RECORDED INFORMATION:
+-------+
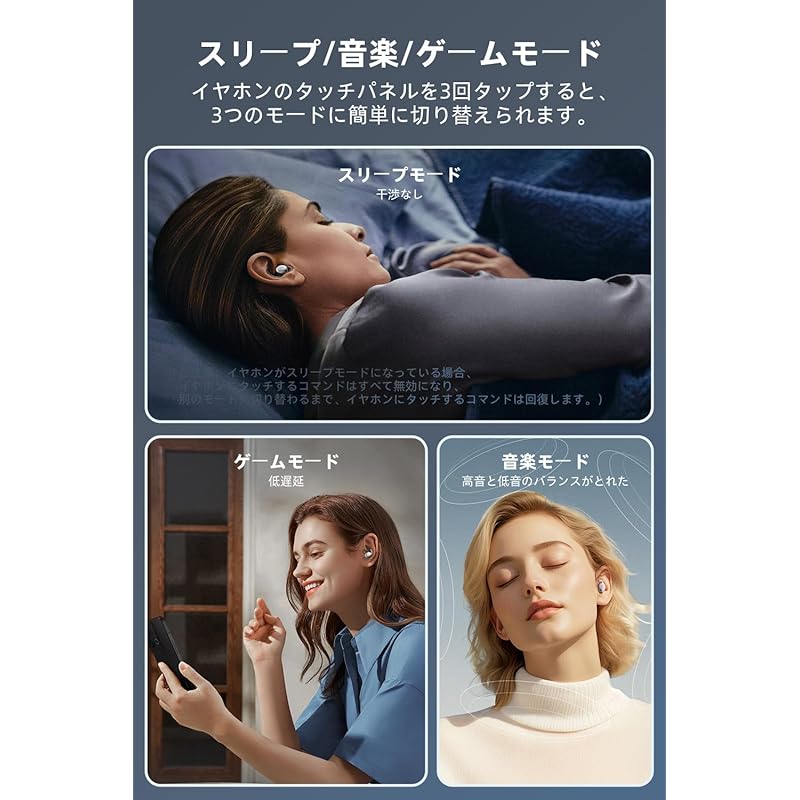 [Режим сна и функция синхронизации] Эти наушники для сна имеют 3 режима: """Режим сна", "Музыкальный режим" и "Игровой режим", и нажмите 3 раза на любой наушник, чтобы переключить режим наушников. Вы можете переключить. [В режиме сна] Дважды нажмите на любой наушник, чтобы завершить настройку для воспроизведения музыки в течение 30 минут/45 минут/60 минут."
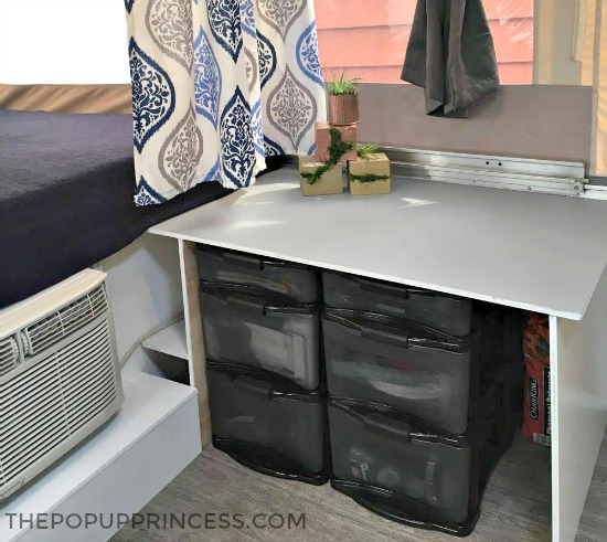 Lori and Nick didn’t need the extra sleeping area on the other side of the camper, but they were really short on storage space. To give themselves some extra room to store all their camping essentials, they removed the seating area and made a custom storage area.
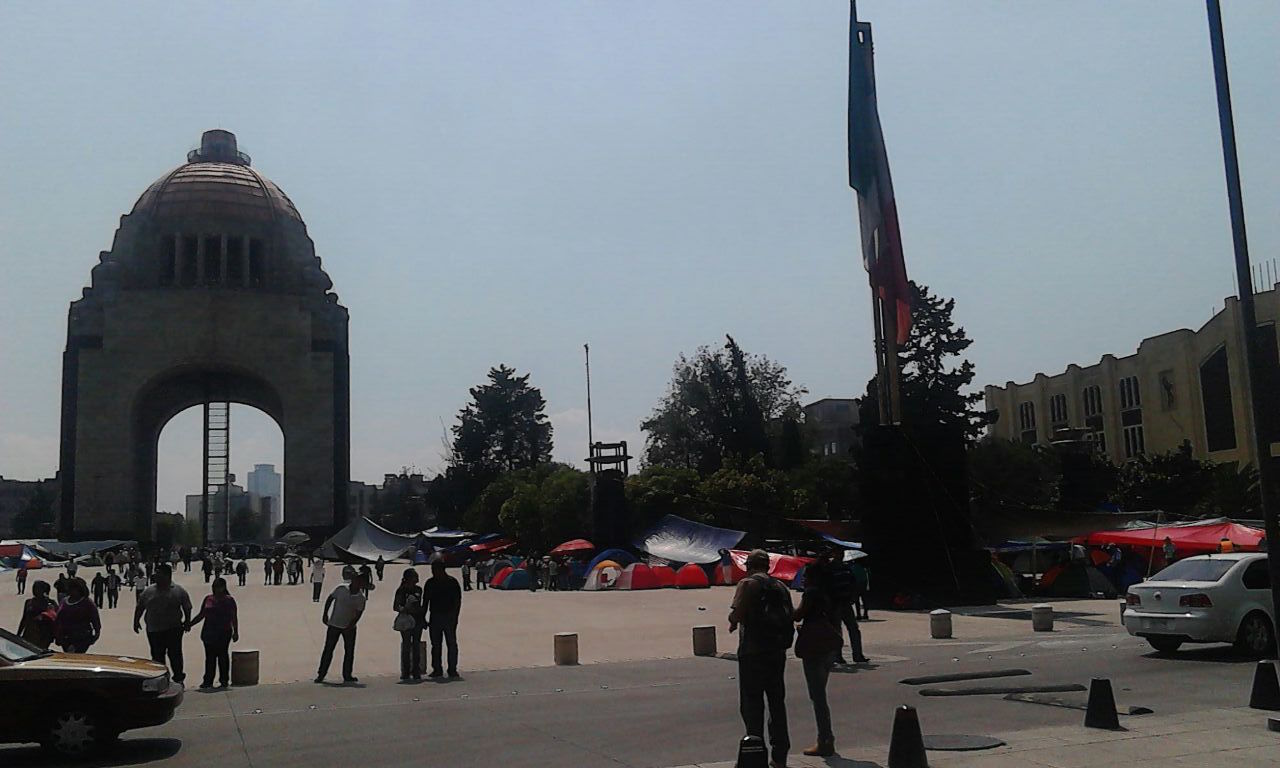Mientras algunos integrantes de la CNTE se manifestaban en el centro de la Ciudad de México, otra parte se instalaba en el Monumento a la Revolución, reforzando el plantón instalado meses atrás por la Coordinadora.
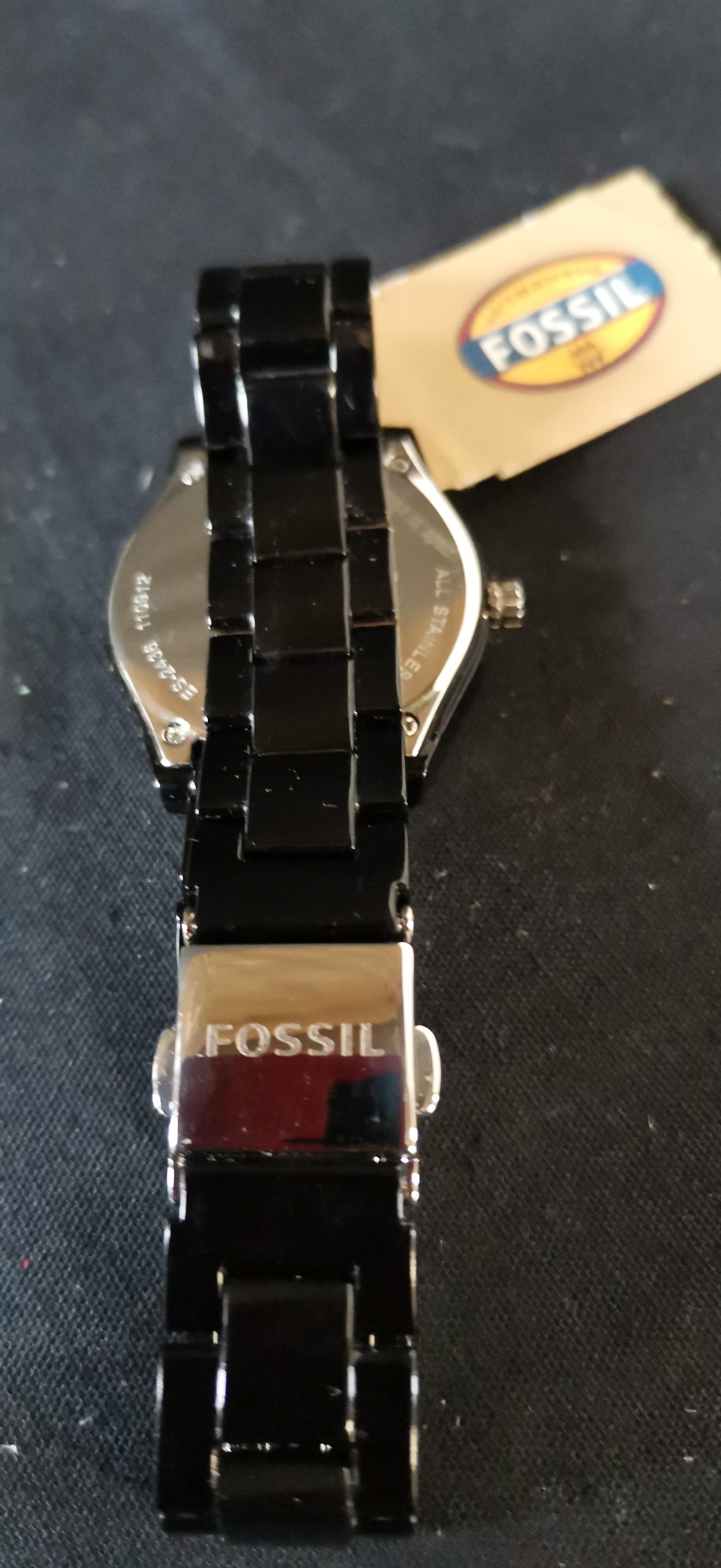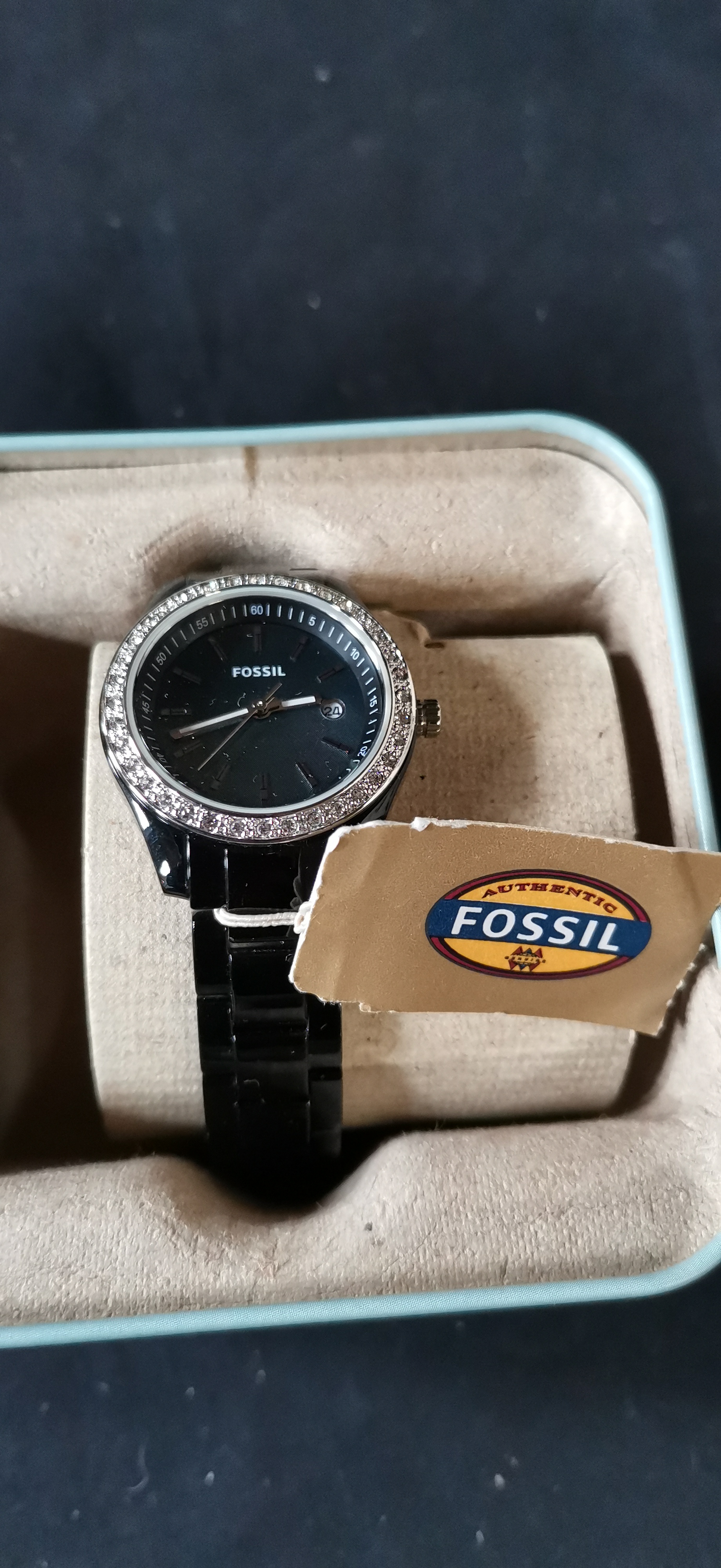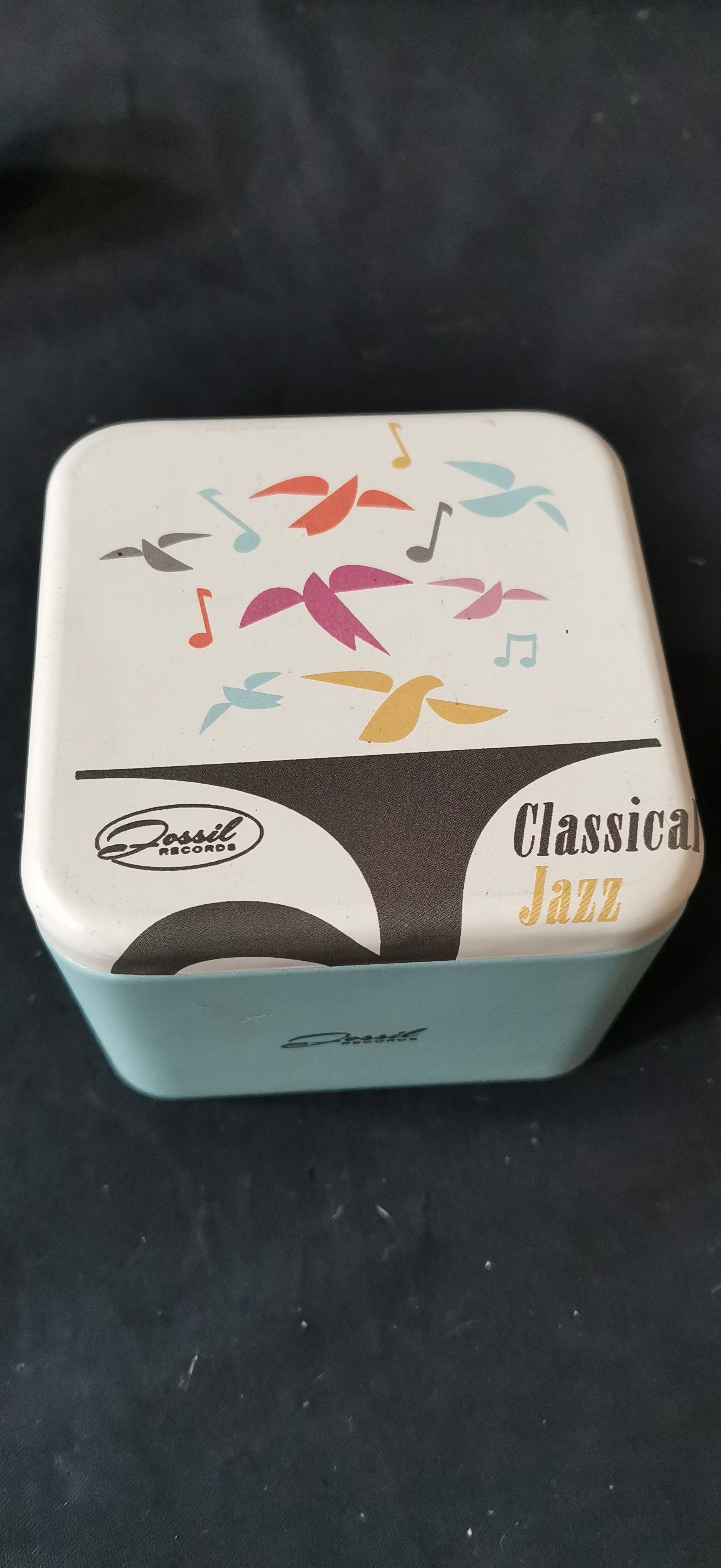 A Fossil ladies’ model ES-2436 wristwatch featuring a black stainless steel band, crystal-accented bezel, and date window, accompanied by a Classical Jazz themed collector’s tin.
+-------+
PROBLEM REQUIREMENTS: Would you print the material exactly once more, without any of its pictures?

RESPONSE FOR THIS EXERCISE:
 [Режим сна и функция синхронизации] Эти наушники для сна имеют 3 режима: """Режим сна", "Музыкальный режим" и "Игровой режим", и нажмите 3 раза на любой наушник, чтобы переключить режим наушников. Вы можете переключить. [В режиме сна] Дважды нажмите на любой наушник, чтобы завершить настройку для воспроизведения музыки в течение 30 минут/45 минут/60 минут."
 Lori and Nick didn’t need the extra sleeping area on the other side of the camper, but they were really short on storage space. To give themselves some extra room to store all their camping essentials, they removed the seating area and made a custom storage area.
Mientras algunos integrantes de la CNTE se manifestaban en el centro de la Ciudad de México, otra parte se instalaba en el Monumento a la Revolución, reforzando el plantón instalado meses atrás por la Coordinadora.
 A Fossil ladies’ model ES-2436 wristwatch featuring a black stainless steel band, crystal-accented bezel, and date window, accompanied by a Classical Jazz themed collector’s tin.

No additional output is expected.